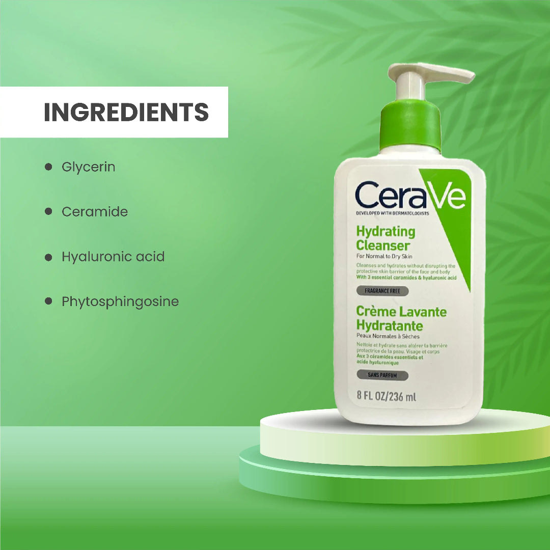 Gently cleanse and hydrate your skin with CeraVe Hydrating Cleanser, a dermatologist-developed formula designed for normal to dry skin. This non-foaming, fragrance-free cleanser removes dirt, oil, and makeup while helping to maintain the skin’s natural protective barrier.
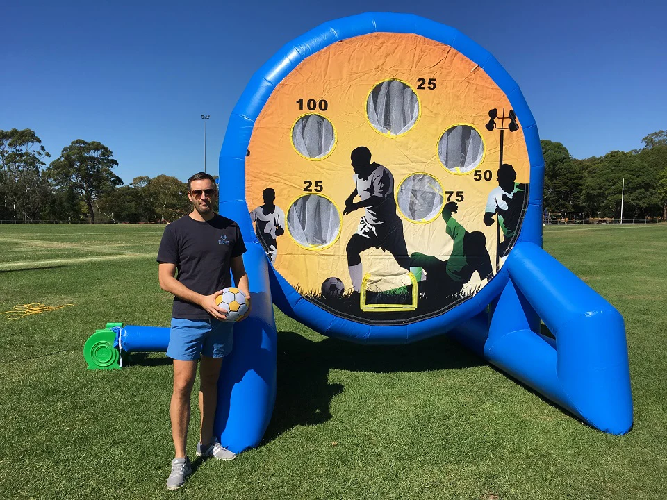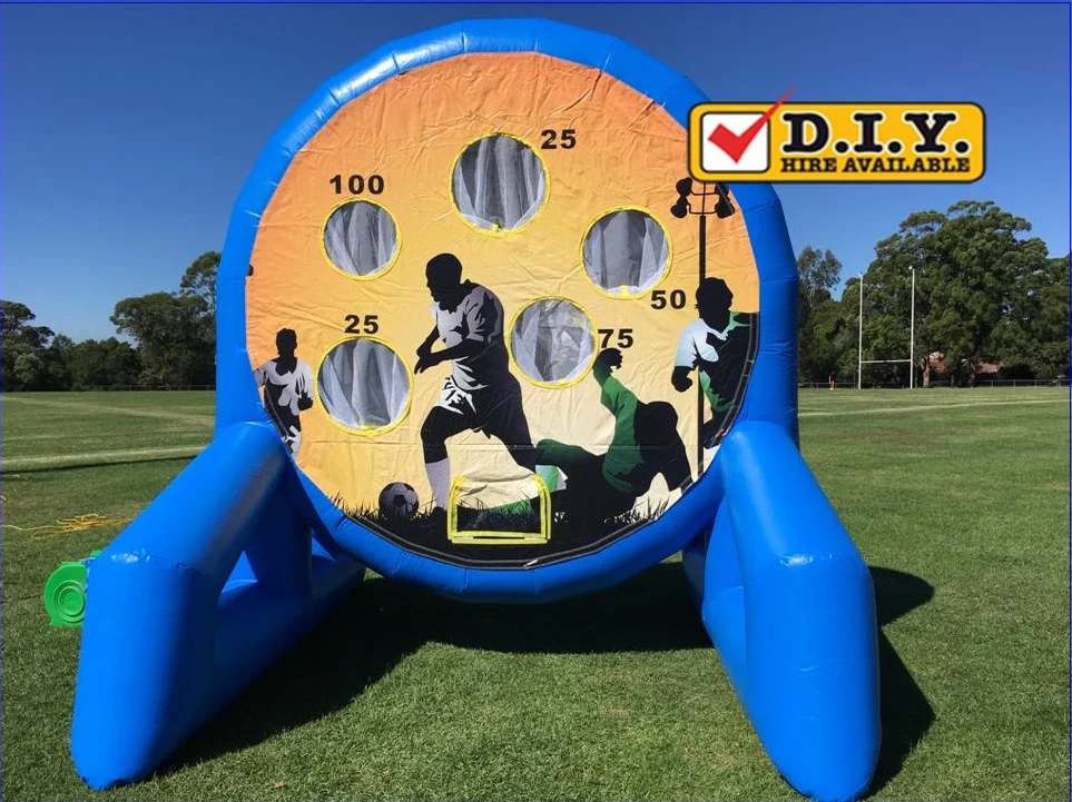 Ride Setup: This game is available as a DIY hire or we can provide staff to operate the game. This game requires 1 x standard power point for the blower used to inflate the game and we will provide the special velcro soccer balls that accompany it.
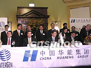 中國華能集團公司成功競標收購美國國際電力公司在澳大利亞的全資子公司奧絲電力百分之五十的股份,總購買價格為2.27億美元。交易雙方于16日在布里斯班正式簽署買賣協(xié)議。中國華能集團公司總經理李小鵬(后排左4)說,此次收購是華能在海外的第一次重大投資。中新社記者 劉雨生 攝
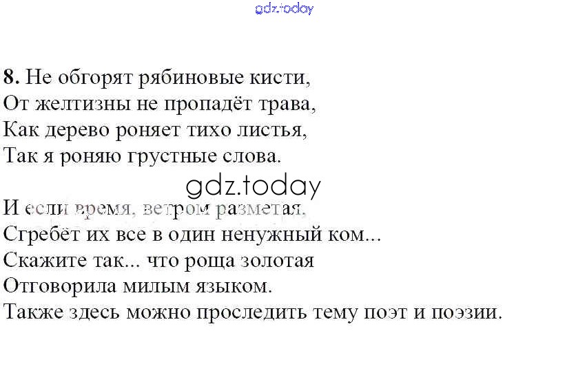 На страницах сайта gdz.today вы найдете учебный и вспомогательный материал, направленный на улучшения знаний школьной программы. ГДЗ - онлайн мир знаний Вопросы и задания «Отговорила роща золотая...» 8 Учебнику по Литературе для 7 класса Меркин Русское слово Инновационная школа 2017

• ASSIGNMENT: Copy out all the data exactly; skip the pictures.

• OUTPUT OF THE TASK:
 Gently cleanse and hydrate your skin with CeraVe Hydrating Cleanser, a dermatologist-developed formula designed for normal to dry skin. This non-foaming, fragrance-free cleanser removes dirt, oil, and makeup while helping to maintain the skin’s natural protective barrier.
 Ride Setup: This game is available as a DIY hire or we can provide staff to operate the game. This game requires 1 x standard power point for the blower used to inflate the game and we will provide the special velcro soccer balls that accompany it.
 中國華能集團公司成功競標收購美國國際電力公司在澳大利亞的全資子公司奧絲電力百分之五十的股份,總購買價格為2.27億美元。交易雙方于16日在布里斯班正式簽署買賣協(xié)議。中國華能集團公司總經理李小鵬(后排左4)說,此次收購是華能在海外的第一次重大投資。中新社記者 劉雨生 攝
 На страницах сайта gdz.today вы найдете учебный и вспомогательный материал, направленный на улучшения знаний школьной программы. ГДЗ - онлайн мир знаний Вопросы и задания «Отговорила роща золотая...» 8 Учебнику по Литературе для 7 класса Меркин Русское слово Инновационная школа 2017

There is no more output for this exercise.